Easy Quiche - Beth Watkins

INGREDIENTS

  • 1 unbaked pie crust

  • 4 large eggs

  • ½ cup milk

  • ½ cup heavy cream

  • Salt and Pepper

  • 1 cup cheese (such as shredded cheddar, Asiago, parmesan, feta, goat cheese, etc.)

  • 2 cups of veggie filling (such as spinach, mushrooms, sundried tomatoes, artichokes, asparagus, or thinly sliced zucchini)

  • ½ cup meat (optional, such as bacon crumbles, chopped ham, prosciutto or pancetta)

  • Chopped fresh herbs (such as basil, rosemary, thyme, chives, etc)

  • Optional toppings: Fresh chopped herbs, pesto, or goat cheese.

**Note: I often make this without the crust. I increase my eggs to six and  ¾ each milk and cream. Bake in a buttered baking pan.

INSTRUCTIONS

  1. Preheat oven to 375 degrees.

  2. Partially bake your crust for 15-16 mins with pie weights, then prick holes around the bottom of the crust with a fork. Return to oven and bake another 5-7 minutes. Remove crust from oven and set crust on a cookie sheet.

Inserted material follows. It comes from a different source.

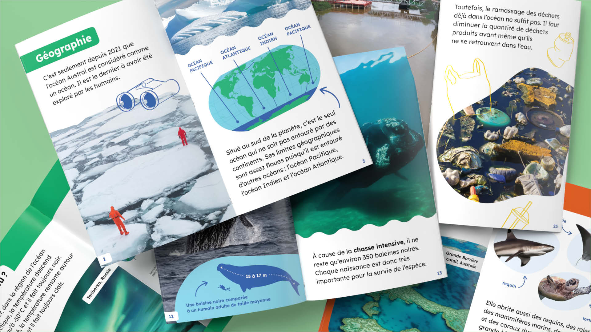 - ✅ 5 livres illustrés en couleurs, chacun dédié à un océan (Pacifique, Atlantique, Indien, Arctique, Austral)
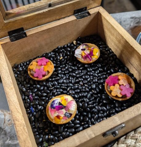 The theatre starts almost immediately, and before entering the dining room, you’re greeted with a glass of fizz and invited to peruse a small, dimly lit adjoining art gallery before joining your fellow diners for an appetiser…it’s all fantastic anticipation building.

  3. Reduce oven temp to 350 degrees.

  4. Beat the eggs, milk, cream, salt and pepper on medium speed for 5 minutes until fluffy. Fold in your fillings (cheese, veggies, meat, and herbs.) Pour into the partially baked pie crust.

  5. Bake at 350 about 50 minutes until the center is set. Remove from oven and add toppings if you wish.

Some of my favorite quiche combos:

o   Spinach, sundried tomatoes, bacon, and feta, topped with pesto

o   Zucchini, mushroom, cheddar, and pancetta

o   Asparagus, leeks, prosciutto, Asiago and parmesan

We hope you have enjoyed the taste of recipes, made with love by our Caritas Staff!